Without the pictures, write out every entry that follows exactly.

___ Given information ___

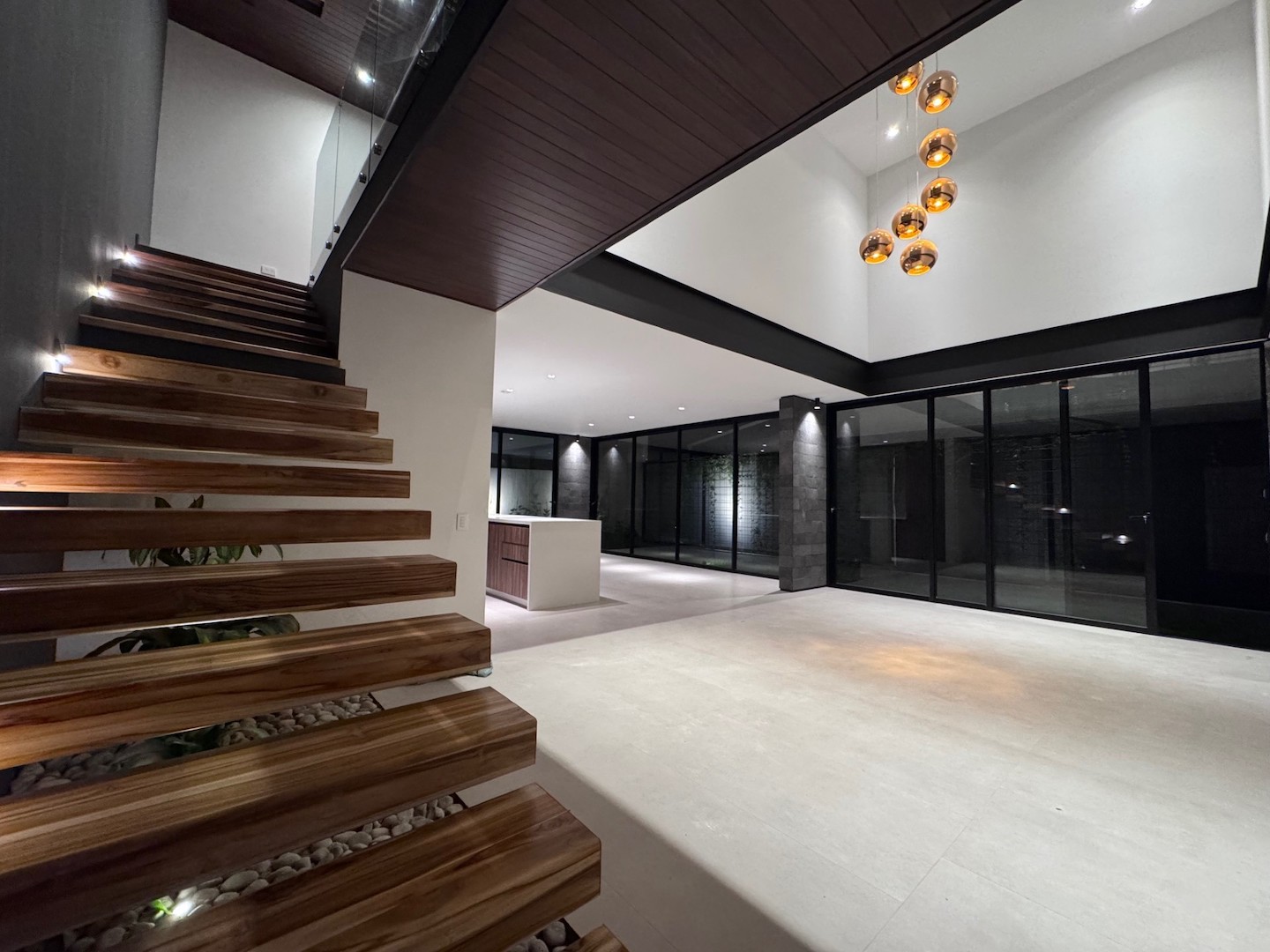Esta casa cuenta con 4 habitaciones, 2,5 baños, bodega, sala tv, cocina con diseño europeo, con isla de 2,40 metros de longitud, luces indirectas, luces de cortesía en gradas y baños, prevista para auto eléctrico.
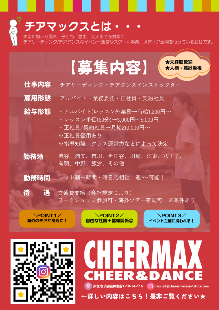 株式会社cheermax tokyoでは、事業拡大に伴い、一緒にチア業界を盛り上げてくれる仲間を募集いたします!
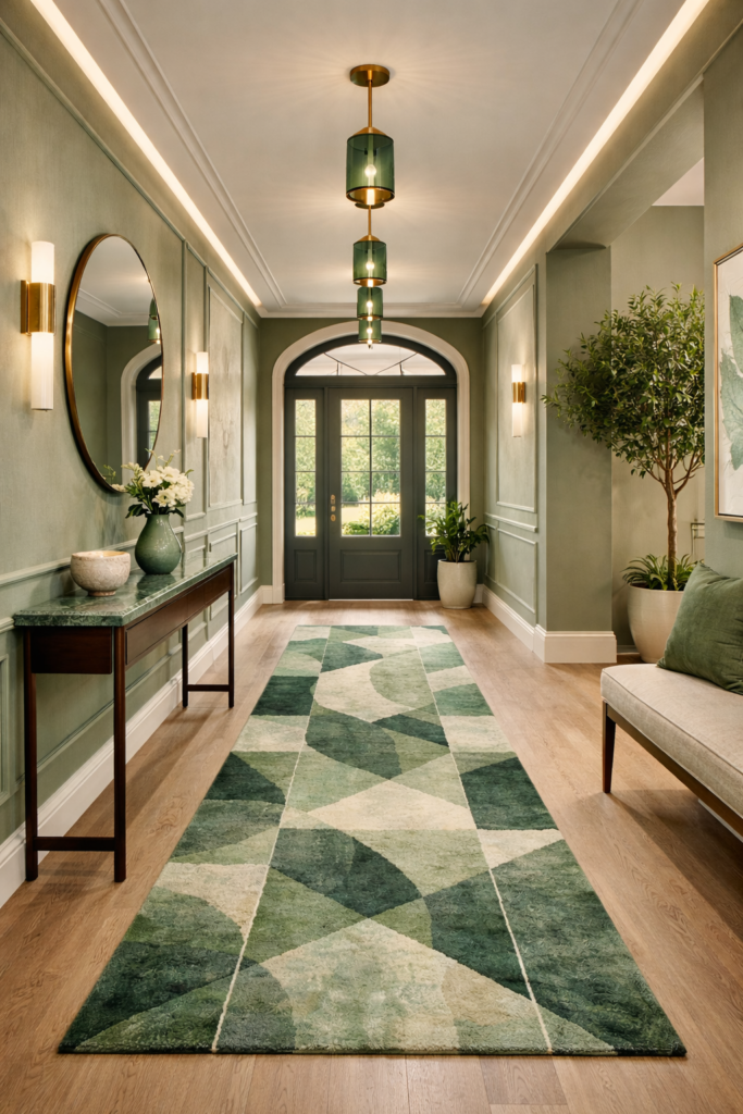 For long corridors, Hallway Entrance Ideas Modern focus on rhythm and flow. Use runners, wall art, and subtle lighting to enhance House Hallway Design while keeping it visually calm.
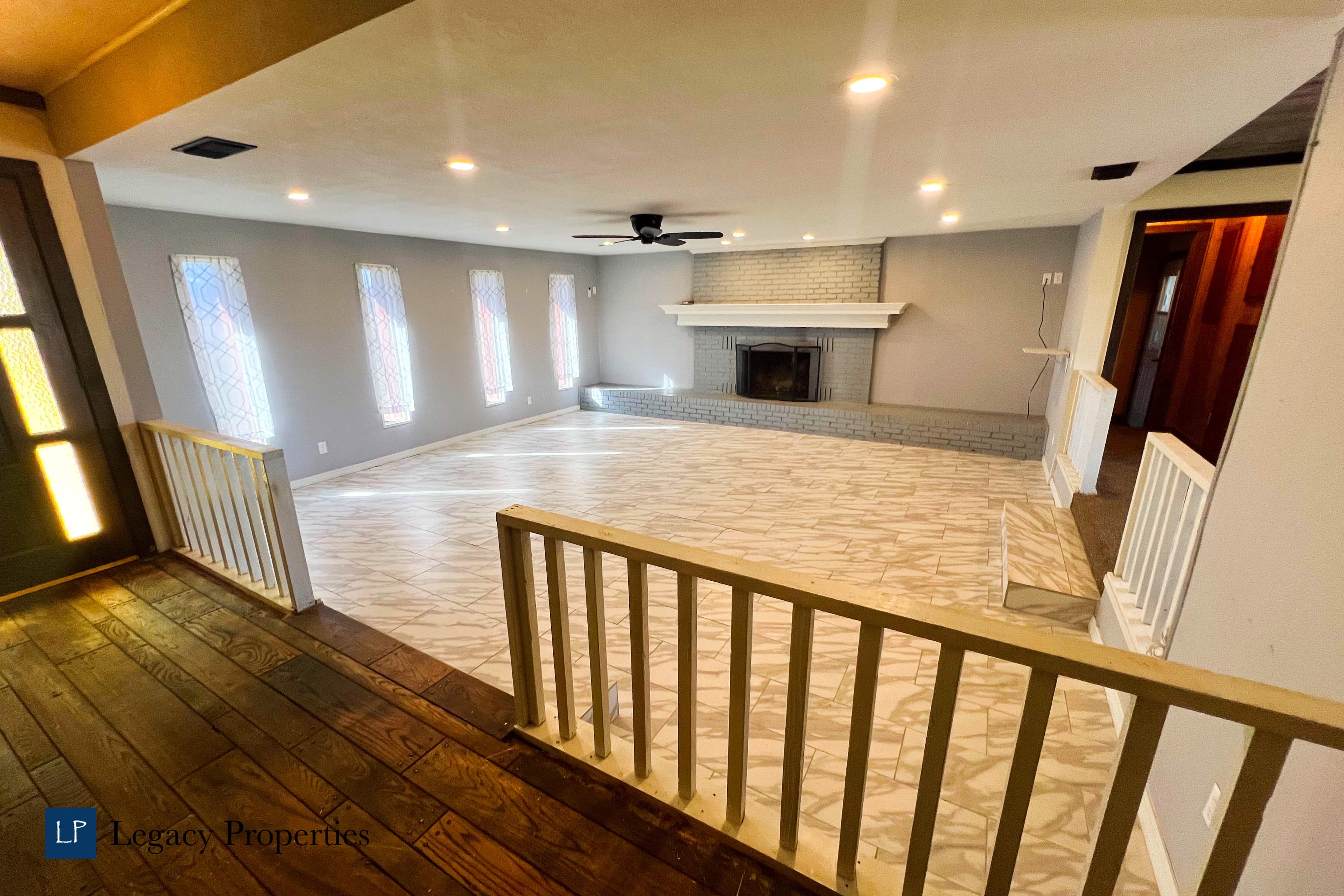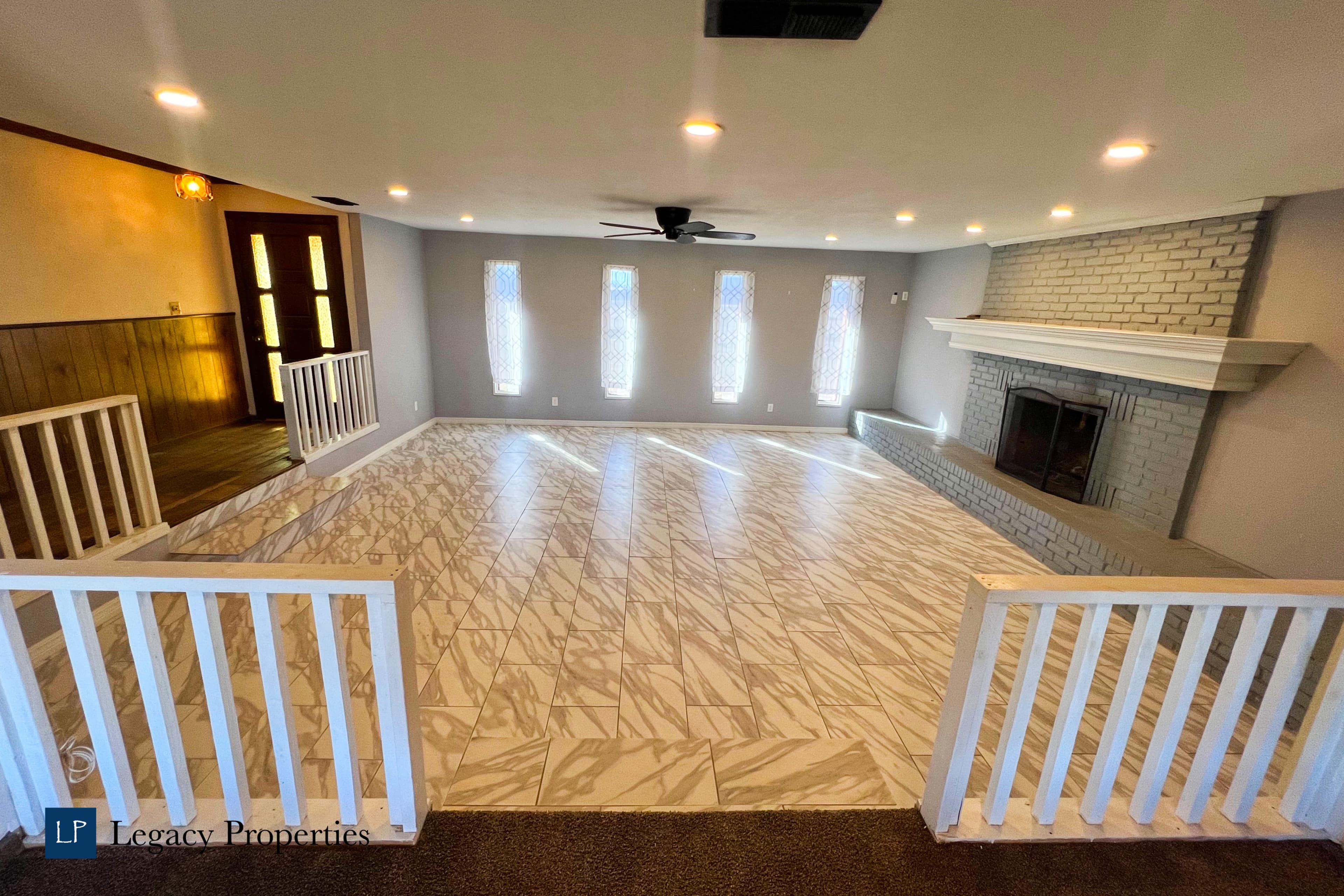 The home has 2,673 sq ft of living space (per the appraisal district), plus a finished basement. There are three bedrooms, each with its own ensuite full bathroom. Two living rooms, both with wood burning fireplaces, provide plenty of room to sprawl out. The smaller of the two has built-in bookshelves, new carpet and is connected to the kitchen, which has a large island and pantry; all appliances will convey, which includes a double oven, dishwasher and built-in grill with vent. The house has city water, septic system, CH/A system and two water heaters.
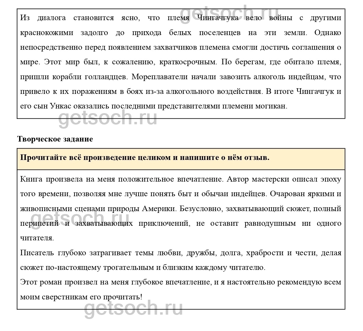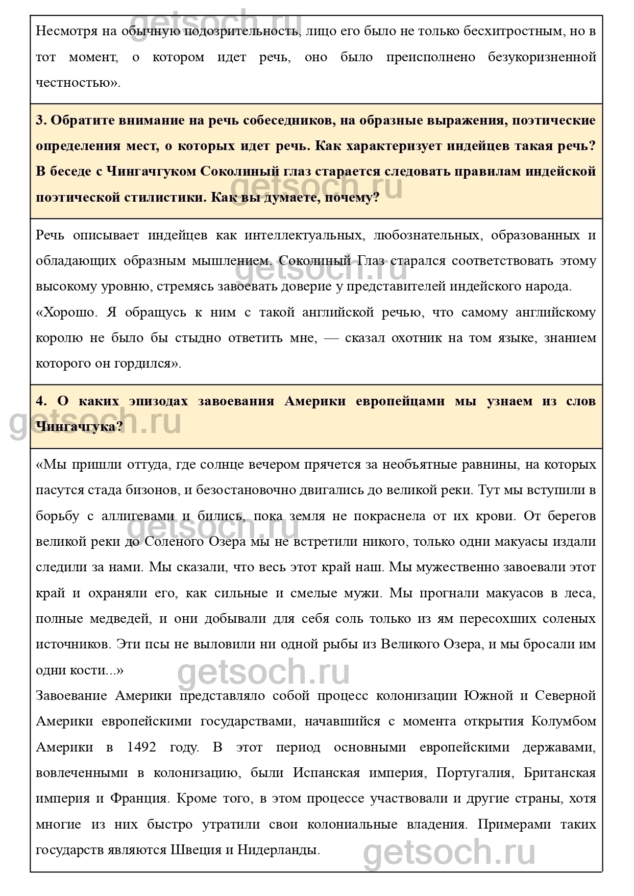 Обратите внимание на речь собеседников, на образные выражения, поэтические определения мест, о которых идет речь. Как характеризует индейцев такая речь? В беседе с Чингачгуком Соколиный глаз старается следовать правилам индейской поэтической стилистики. Как вы думаете, почему?
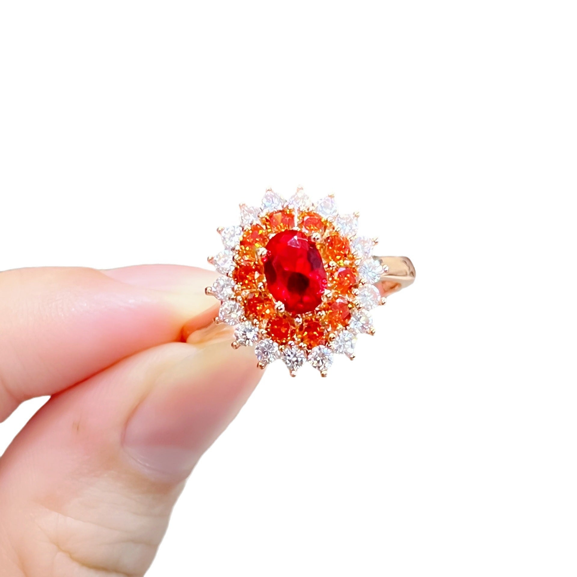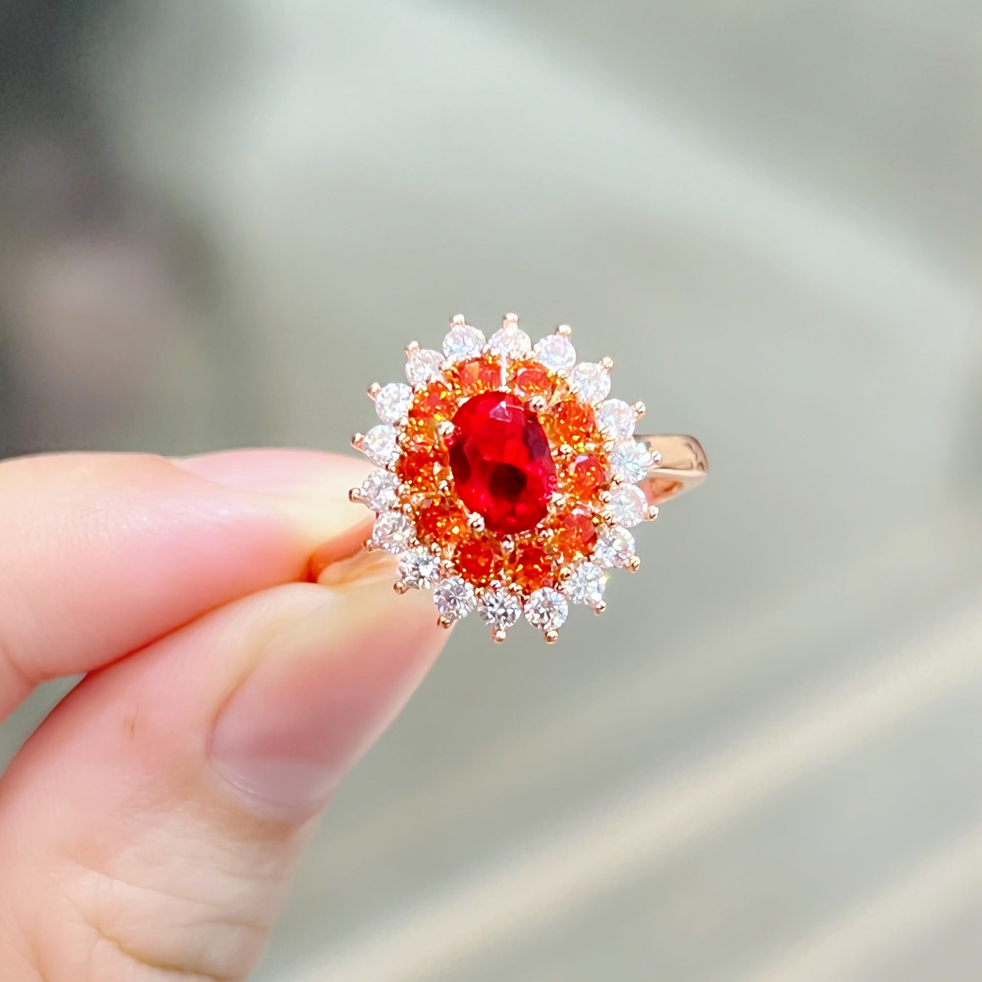 Round Arm Red Diamond Sunflower Inlaid Zircon Rings

___

__Answer section__.
Esta casa cuenta con 4 habitaciones, 2,5 baños, bodega, sala tv, cocina con diseño europeo, con isla de 2,40 metros de longitud, luces indirectas, luces de cortesía en gradas y baños, prevista para auto eléctrico.
 株式会社cheermax tokyoでは、事業拡大に伴い、一緒にチア業界を盛り上げてくれる仲間を募集いたします!
 For long corridors, Hallway Entrance Ideas Modern focus on rhythm and flow. Use runners, wall art, and subtle lighting to enhance House Hallway Design while keeping it visually calm.
 The home has 2,673 sq ft of living space (per the appraisal district), plus a finished basement. There are three bedrooms, each with its own ensuite full bathroom. Two living rooms, both with wood burning fireplaces, provide plenty of room to sprawl out. The smaller of the two has built-in bookshelves, new carpet and is connected to the kitchen, which has a large island and pantry; all appliances will convey, which includes a double oven, dishwasher and built-in grill with vent. The house has city water, septic system, CH/A system and two water heaters.
 Обратите внимание на речь собеседников, на образные выражения, поэтические определения мест, о которых идет речь. Как характеризует индейцев такая речь? В беседе с Чингачгуком Соколиный глаз старается следовать правилам индейской поэтической стилистики. Как вы думаете, почему?
 Round Arm Red Diamond Sunflower Inlaid Zircon Rings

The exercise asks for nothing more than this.